Compte tenu de cette avance italienne, rien de surprenant si des Italiens, Colomb,
Vespucci, les Cabot, etc..., participèrent de façon décisive à la découverte de l’Amérique,
même s’ils le firent pour le compte d’autrui. Rien d’étonnant, non plus, si les techniques
bancaires se répandirent en Europe à partir de l’Italie, si Galilée était italien et si la musique
moderne est née en Italie à la fin du XV° siècle et au début du XVII°.

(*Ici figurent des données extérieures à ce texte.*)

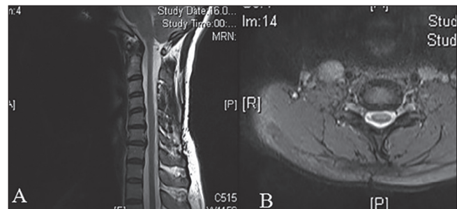
Figure 3: (a and b) Cervical sagittal and axial T2-weighted MRI demonstrating that soft disc herniation was removed and the lordosis was protected

observed very frequently. The diagnosis can be easily made with cervical radiographies, cervical MRIs, and cervical CTs. Surgical treatment is required in cases not responding to medical treatment. [10]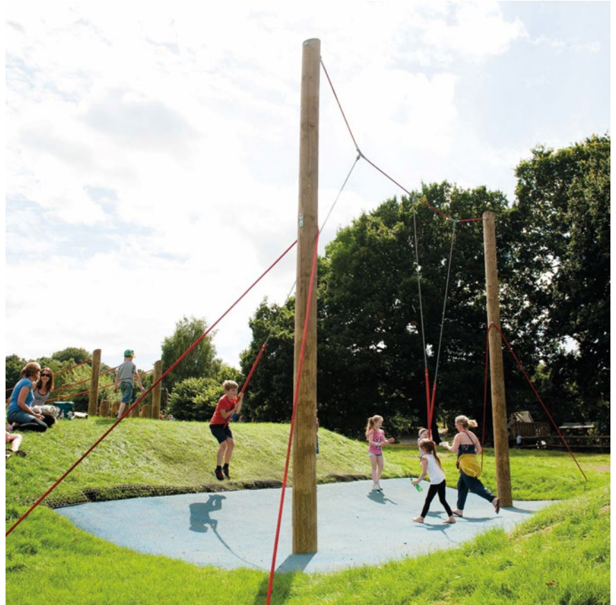
The photo shows different tensioning ropes, Photo © Paul Upward

Pourtant la marche en avant qui a caractérisé la civilisation de la Renaissance n’a pas été
seulement un phénomène italien. Il s’est agi d’une progression européenne. De nos jours
on ne considère plus Léonard de Vinci comme un inventeur isolé et on a identifié deux
grandes « écoles » d’ingénieurs de la Renaissance : l’italienne et l’allemande. Autrement
dit, la Renaissance a eu plusieurs pôles, en dehors de l’Italie : les Pays Bas, un des centres
économiques européens les plus importants aux XV° et XVI° siècles, mais aussi un foyer
artistique d’où rayonna la polyphonie flamande et où fut inventée la peinture à l’huile ; la
vallée du Rhin, route de diffusion de l’imprimerie, de l’humanisme et des contestations
religieuses ; les ports espagnols et portugais d’où partirent les grands voyages de
découverte ; les cours brillantes de France et d’Angleterre. Anvers au milieu du XVI° siècle
est la capitale économique de l’empire de Charles Quint. La Renaissance s’est donc
épanouie en de multiples sites : Florence, Rome et Venise, bien sûr, mais aussi Lyon,
Augsbourg, la ville des Fugger, Nuremberg, la cité de Dürer, Anvers, Prague, Cracovie,
Lisbonne, Séville et bien d’autres.
A partir du moment où le terme « Renaissance » devient synonyme d’avancée globale
d’une civilisation, on n’est plus embarrassé pour y intégrer des composantes qu’il était
difficile de situer auparavant à l’intérieur d’une Renaissance comprise étroitement comme un
retour à l’Antiquité. Car, dans cette signification restrictive, que faire de Bosch et de
Bruegel ? Ou du Gréco ? Ou du célèbre Transi de Ligier Richier à Bar-le-Duc ? Et doit-on
faire le silence sur l’invention du « verre blanc » à Murano vers 1460 ou sur la mise au point,
dans la première moitié du XVI° siècle en Bohême ou en Allemagne, du procédé de
« l’amalgame » pour traiter le minerai d’argent par le mercure liquide, procédé qui permit
l’exploitation intensive des mines du Mexique et du Pérou ? Si, en revanche, on se sert du
mot « Renaissance » pour signifier une période passionnante qui a cumulé bouillonnement
culturel et explosion artistique multiforme, mais aussi avancées techniques, consolidations
étatiques et effervescence religieuse, on se libère des limitations qu’imposait l’ancien sens
du terme, lorsqu’il était accroché à la seule résurrection, d’ailleurs plus apparente que réelle,
de l’Antiquité.
Mais, en même temps, on s’aperçoit avec humilité que, dans sa signification étroite comme
dans son acception la plus large, le mot « Renaissance » est quand même partiellement
inadéquat. Car il comporte une connotation joyeuse qui risque d’entraîner des gens pressés
vers de fausses pistes. On provoque sans doute l’étonnement si on rappelle, à la suite de
Jean-Claude Margolin, qu’Erasme, le plus connu des « humanistes » de la Renaissance,
fidèle à l’attitude des Pères de l’Eglise, était un farouche adversaire de la musique profane
et n’acceptait à l’église que le chant des psaumes.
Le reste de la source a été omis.